GIVEN MATERIAL.
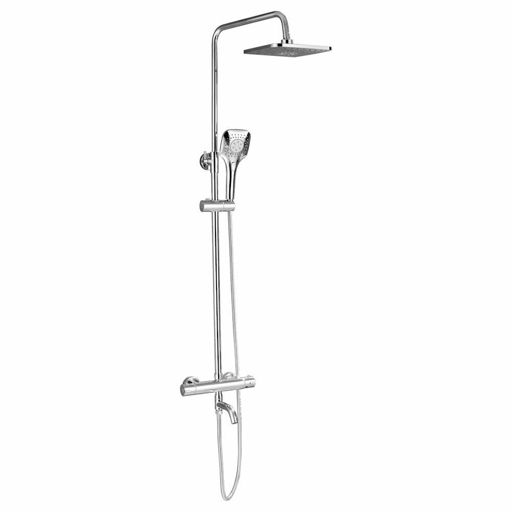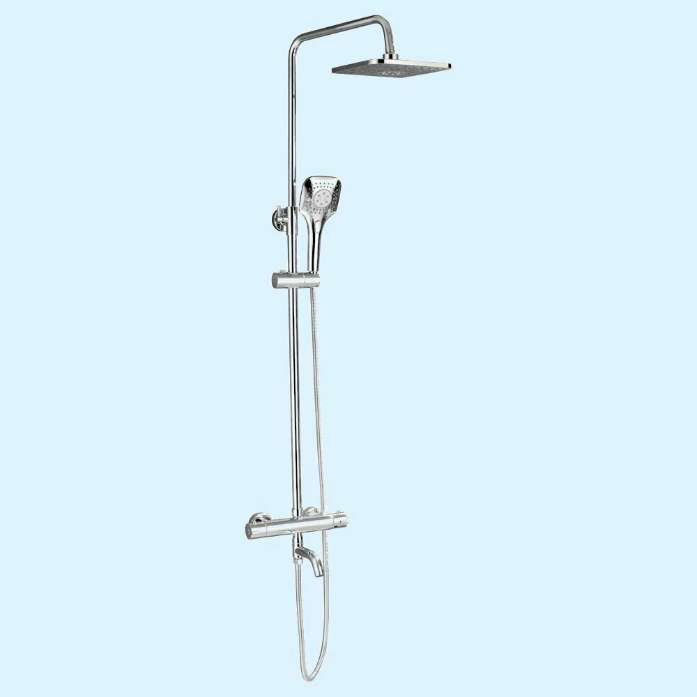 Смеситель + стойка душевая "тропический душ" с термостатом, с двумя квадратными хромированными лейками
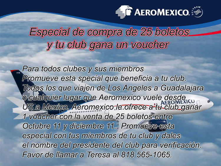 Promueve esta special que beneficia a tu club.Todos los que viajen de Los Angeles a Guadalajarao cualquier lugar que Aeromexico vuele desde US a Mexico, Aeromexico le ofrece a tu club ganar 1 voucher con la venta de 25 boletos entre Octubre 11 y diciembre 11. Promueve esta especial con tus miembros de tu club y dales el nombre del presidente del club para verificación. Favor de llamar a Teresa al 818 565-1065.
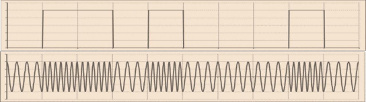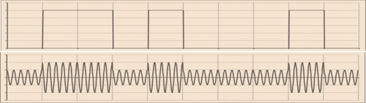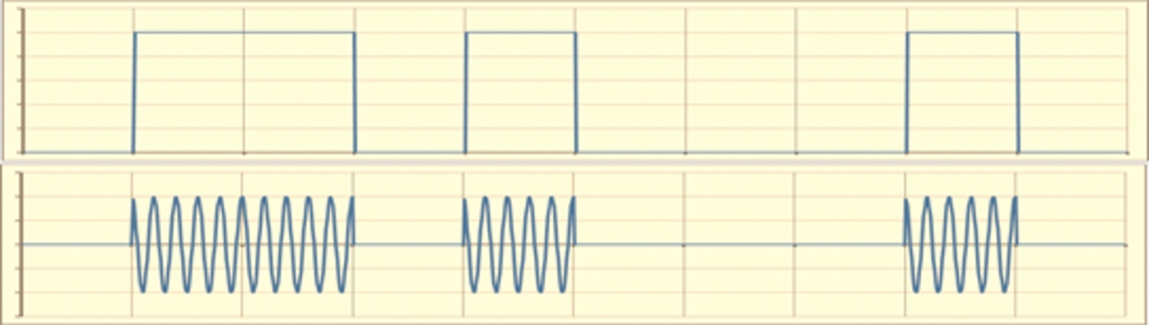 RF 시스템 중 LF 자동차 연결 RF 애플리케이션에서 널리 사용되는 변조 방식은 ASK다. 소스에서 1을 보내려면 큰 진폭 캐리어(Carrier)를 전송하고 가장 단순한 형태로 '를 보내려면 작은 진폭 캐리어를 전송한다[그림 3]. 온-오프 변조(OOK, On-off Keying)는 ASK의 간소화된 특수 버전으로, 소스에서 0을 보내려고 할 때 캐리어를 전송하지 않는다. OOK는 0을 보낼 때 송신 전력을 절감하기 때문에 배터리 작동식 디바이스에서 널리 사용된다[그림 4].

AIM OF THE EXERCISE.
From the material above, reproduce everything verbatim except the pictures.

EXERCISE SOLUTION.
 Смеситель + стойка душевая "тропический душ" с термостатом, с двумя квадратными хромированными лейками
 Promueve esta special que beneficia a tu club.Todos los que viajen de Los Angeles a Guadalajarao cualquier lugar que Aeromexico vuele desde US a Mexico, Aeromexico le ofrece a tu club ganar 1 voucher con la venta de 25 boletos entre Octubre 11 y diciembre 11. Promueve esta especial con tus miembros de tu club y dales el nombre del presidente del club para verificación. Favor de llamar a Teresa al 818 565-1065.
 RF 시스템 중 LF 자동차 연결 RF 애플리케이션에서 널리 사용되는 변조 방식은 ASK다. 소스에서 1을 보내려면 큰 진폭 캐리어(Carrier)를 전송하고 가장 단순한 형태로 '를 보내려면 작은 진폭 캐리어를 전송한다[그림 3]. 온-오프 변조(OOK, On-off Keying)는 ASK의 간소화된 특수 버전으로, 소스에서 0을 보내려고 할 때 캐리어를 전송하지 않는다. OOK는 0을 보낼 때 송신 전력을 절감하기 때문에 배터리 작동식 디바이스에서 널리 사용된다[그림 4].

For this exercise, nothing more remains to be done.